WHAT YOU SHOULD DO => Reproduce exactly the span of lines beginning at the one with "Mit einem Drachenboot" and ending at the last line of the data below, omitting pictures.

Items listed in a dataset =>
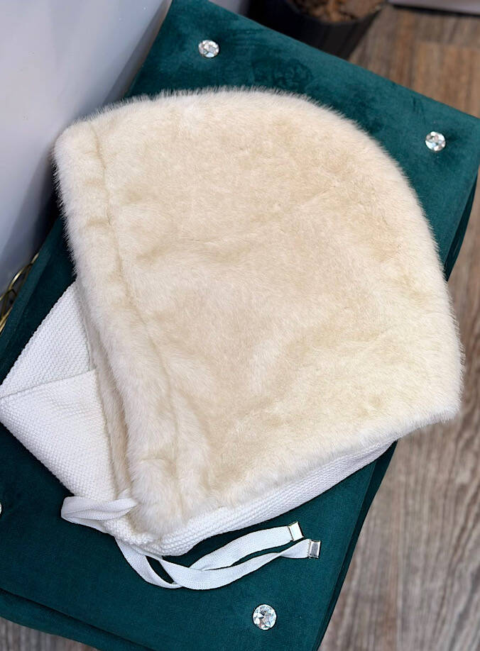 Капор плюшевий з еко-хутра білий з довʼязом,має теплий підклад,виробник Україна
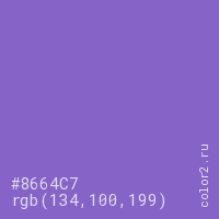 Цвет #8664C7 в цветовой модели RGB обозначается тремя октетами (134, 100, 199) в десятичном формате и #8664C7 в шестнадцатиричном (hex) формате, которые являются интенсивностью красного 134 (hex 86), интенсивность зелёного 100 (hex 64) и интенсивность синего 199 (hex C7).
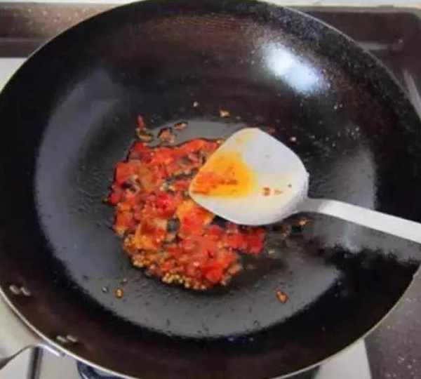 第4步、起炒鍋,熱鍋涼油小火爆香紅剁椒,至出紅油。
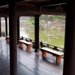 Mit einem Drachenboot setze ich über den Song Huong oder Huong Giang, also den Fluss der Wohlgerüche oder Parfümfluss. Zum Parfüm gibt es auch noch eine Anekdote. Doch dazu später mehr....
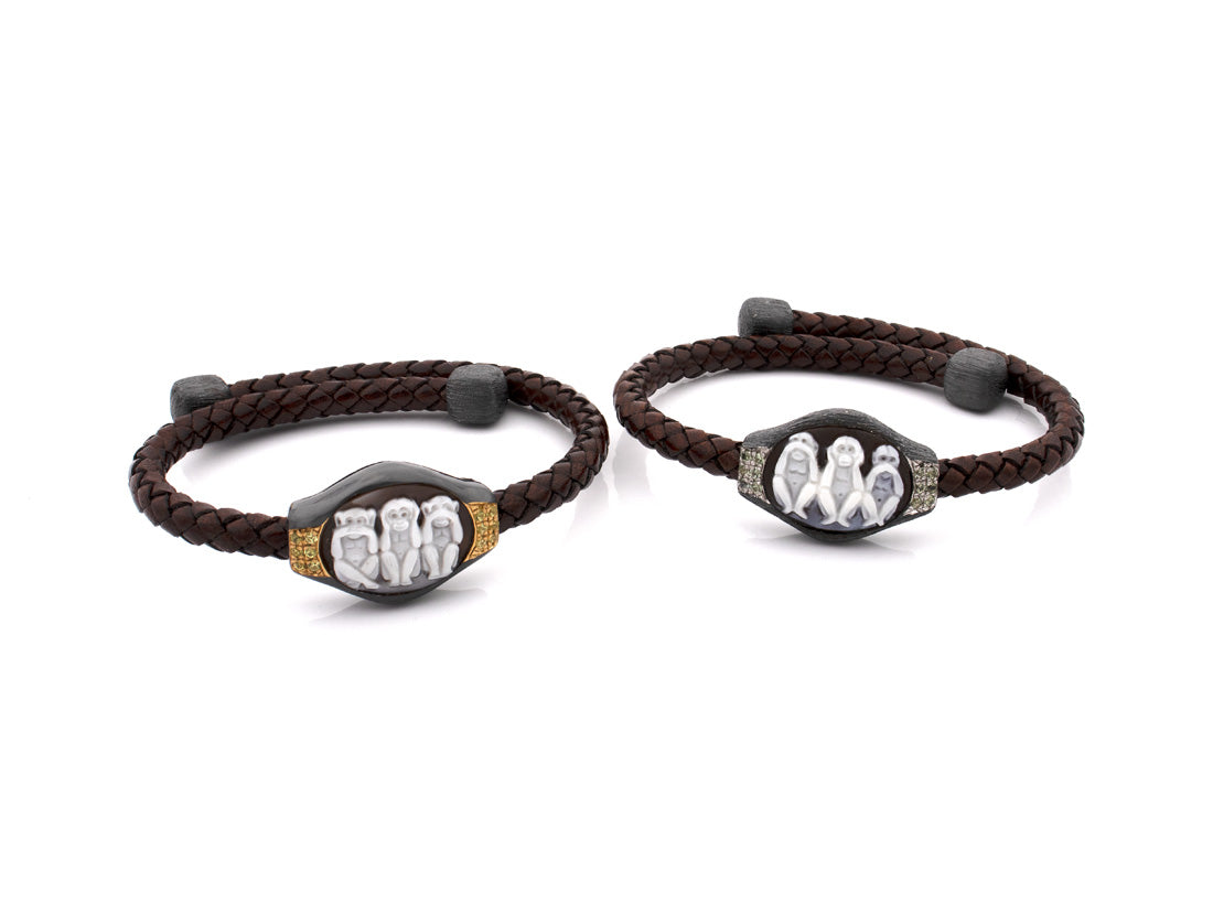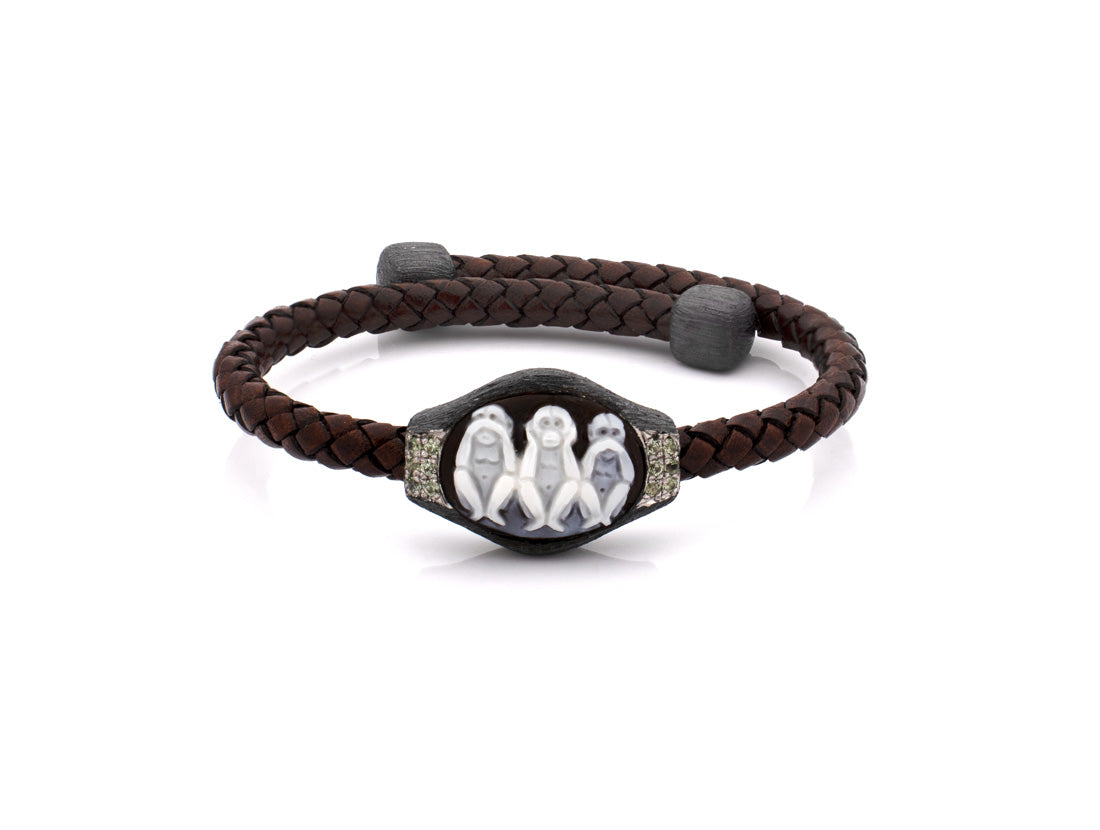 Questo eccezionale pezzo raffigura le "Tre Scimmie Sagge", l'intramontabile proverbio giapponese: non vedere il male, non sentire il male, non parlare del male. Il cammeo è una testimonianza di maestria artigianale, con ogni scimmia finemente scolpita nei minimi dettagli, incarnando saggezza, consapevolezza ed equilibrio.
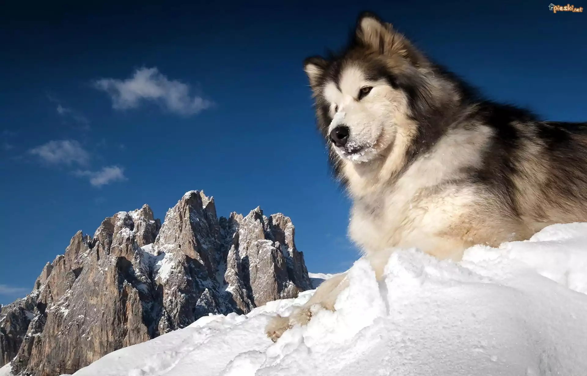 Pies Siberian, Husky, Zima, Góry, Śnieg

EXERCISE RESULT =>
 Mit einem Drachenboot setze ich über den Song Huong oder Huong Giang, also den Fluss der Wohlgerüche oder Parfümfluss. Zum Parfüm gibt es auch noch eine Anekdote. Doch dazu später mehr....
 Questo eccezionale pezzo raffigura le "Tre Scimmie Sagge", l'intramontabile proverbio giapponese: non vedere il male, non sentire il male, non parlare del male. Il cammeo è una testimonianza di maestria artigianale, con ogni scimmia finemente scolpita nei minimi dettagli, incarnando saggezza, consapevolezza ed equilibrio.
 Pies Siberian, Husky, Zima, Góry, Śnieg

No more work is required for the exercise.